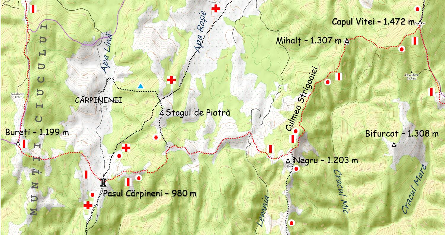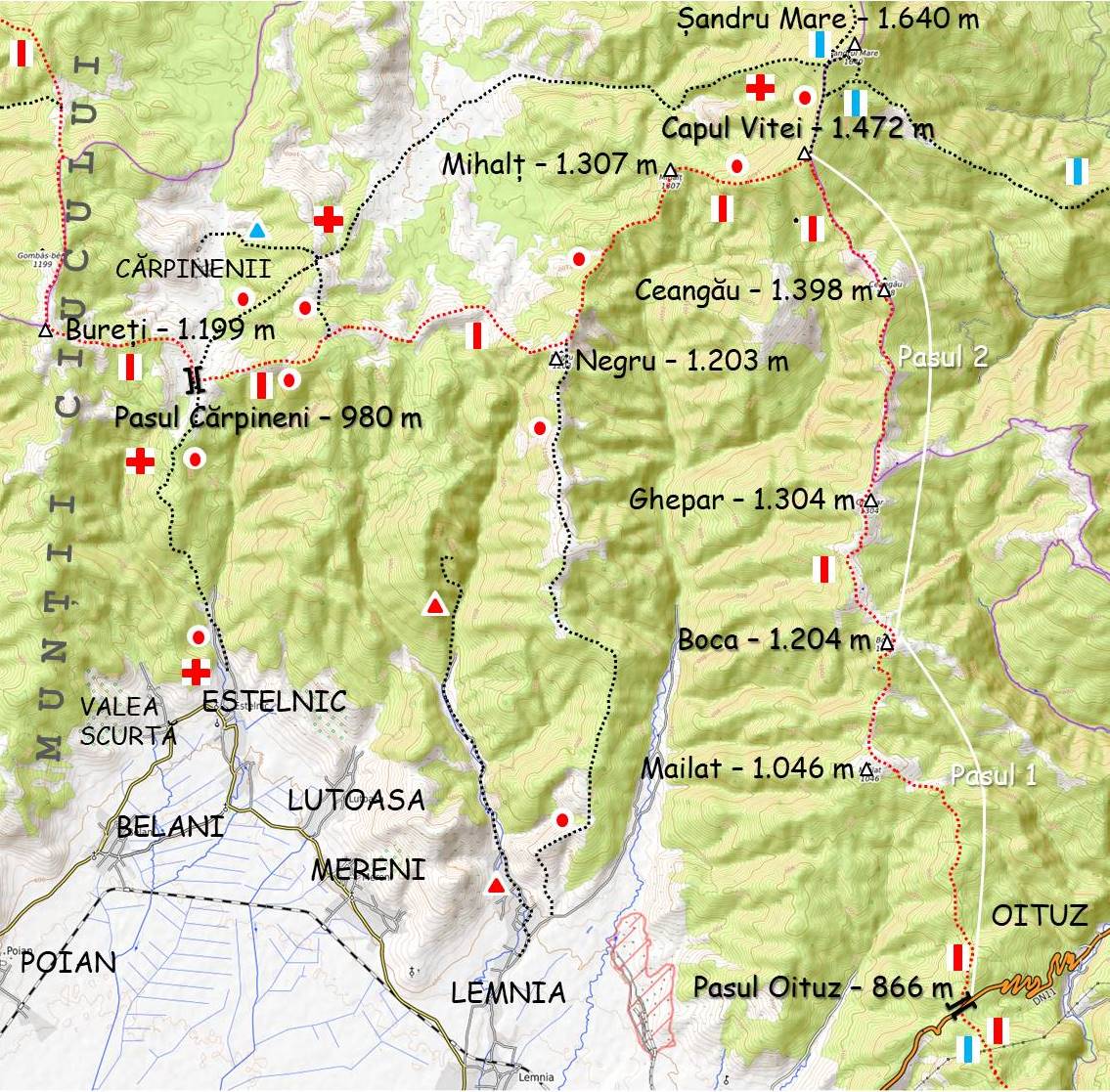 Din Pasul Lemnia până în Pasul Cărpineni nu există niciun fel de problemă, drumul fiind ca cel dintre Muntele Negru și Pasul Lemnia. Din Pasul Cărpineni se poate coborî, tot pe drum forestier, în Estelnic sau se poate sui pe culmea Munților Ciucului și coborî, pe drum forestier bun în Sânzieni, iar de aici, pe sub munte, înapoi în Lemnia (ca lungime, traseul e cam cât cel din Pasul Oituz în Lemnia). În cazul ultimei variante sunt câteva obiective culturale: ex., capelele de pe Dl. Perko și Cetatea de la Sânzieni. Dacă mai aveți nevoie de informații, suntem disponibili oricând, cu tot ce știm ! Succes !
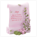 A swag of lavender in relief adorns this pretty pastel scroll-shaped plaque, highlighting the heartfelt testament to a mother's love. Polyresin. 2 3/4 x 2 x 3 1/2 high.
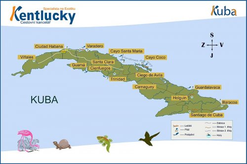 ZAJÍMAVÁ MÍSTA KUBY: Havana: Hlavní město Kuby. Turistické zajímavosti – Náměstí Revoluce, Nacional, La Rampa, Parque Central, Kapitol, Presidentský palác, Kolumbův hřbitov, Floridita a mnohé další. Centrum nočního života. Stará Havana: Koloniální architektura. 4 krásná náměstí, Nábřežní promenáda „Malecón“. Nespočet muzeí a galerií. Viňales: Překrásné údolí. Vápencové masívy „mogoty“. Tabákové plantáže. Jeskyně, „Mural de la Prehistoria“ Soroa: Národní park. Orchideárium. Vodopády. Ekovesnička Las Terrazas. Maria La Gorda: Renomované potápěčské centrum. Pláž. Pinar del Rio: Typické kubánské neturistické město. Největší město na západě ostrova. Cayo Levisa: Turistický ostrůvek na severozápadě ostrova (20 km od pobřeží). Pláž. Cienaga de Zapata: Národní park. Indiánská vesnice. Krokodýlí farma. Zátoka sviní. Muzeum Girón. Pláže. Rybaření. Potápění Varadero: Nejznámější letovisko na Kubě s jednou z nejkrásnějších pláží na světě. Potápění. Golf. Delfinárium. ALL INCLUSIVE resorty. Cienfuegos: Typické kubánské velkoměsto. Promenáda. Architektonický skvost. V blízkosti pláže a hory. Noční život. Trinidad: Koloniální město na seznamu UNESCO. Architektura. Historie. Plantáže. Canchanchara. Manaca Iznaga. V blízkosti pláže a hory. Hanabanilla a Topes de Collantes: Jezero v horách. Vodopády. Ekoturistika. Národní parky „El Nicho“ a „Guanayara“ Santa Clara: Moderní universitní město, mausoleum Che Guevary, Vykolejený vlak. Noční život. Cayo Santa Maria, Las Brujas, Cayo Coco / Guillermo: Součást souostroví „Jardines del Rey“. Pláže. Potápění. Delfinárium. Rybaření. Katamaránové plavby. Příroda. Camaguey: Koloniální velkoměsto. Balet. Sancti Spiritus: Průjezdní, koloniální, neturistické místo. V blízkosti hor. Playa Santa Lucia: Pláž, 100 km severně od města Camaguey. Kite surfing. Holguin: Typické kubánské, neturistické město. V blízkosti hor a pláže. Playa Guardalavaca: Pláž, 45 km severně od města Holguin. Patří mezi nejhezčí pláže na Kubě. („Varadero“ východu) Santiago de Cuba: Druhé největší město na Kubě. Turistické zajímavosti: Pevnost „El Morro“. Katedrála. Pevnost „Moncada“. Koloniální architektura. Afro-kubánská kultura. Noční život. V blízkosti nejvyššího pohoří na Kubě „Sierra Maestra“. Baracoa: První osada Španělů na Kubě. Koloniální architektura. Mýtická hora „El Yunque“ Afro-kubánská kultura. Guantanámo: Průjezdní místo. Známé díky nedaleké americké vojenské základně a světoznámé písni „Guantanamera“ – v překladu: Holka z Guantanáma.
---
§ **Task item**
Would you copy, exactly, each line from the start of the listing above through the line with "A swag of lavender", both ends included, but none of the pictures?

§ **Response to the exercise**
 Din Pasul Lemnia până în Pasul Cărpineni nu există niciun fel de problemă, drumul fiind ca cel dintre Muntele Negru și Pasul Lemnia. Din Pasul Cărpineni se poate coborî, tot pe drum forestier, în Estelnic sau se poate sui pe culmea Munților Ciucului și coborî, pe drum forestier bun în Sânzieni, iar de aici, pe sub munte, înapoi în Lemnia (ca lungime, traseul e cam cât cel din Pasul Oituz în Lemnia). În cazul ultimei variante sunt câteva obiective culturale: ex., capelele de pe Dl. Perko și Cetatea de la Sânzieni. Dacă mai aveți nevoie de informații, suntem disponibili oricând, cu tot ce știm ! Succes !
 A swag of lavender in relief adorns this pretty pastel scroll-shaped plaque, highlighting the heartfelt testament to a mother's love. Polyresin. 2 3/4 x 2 x 3 1/2 high.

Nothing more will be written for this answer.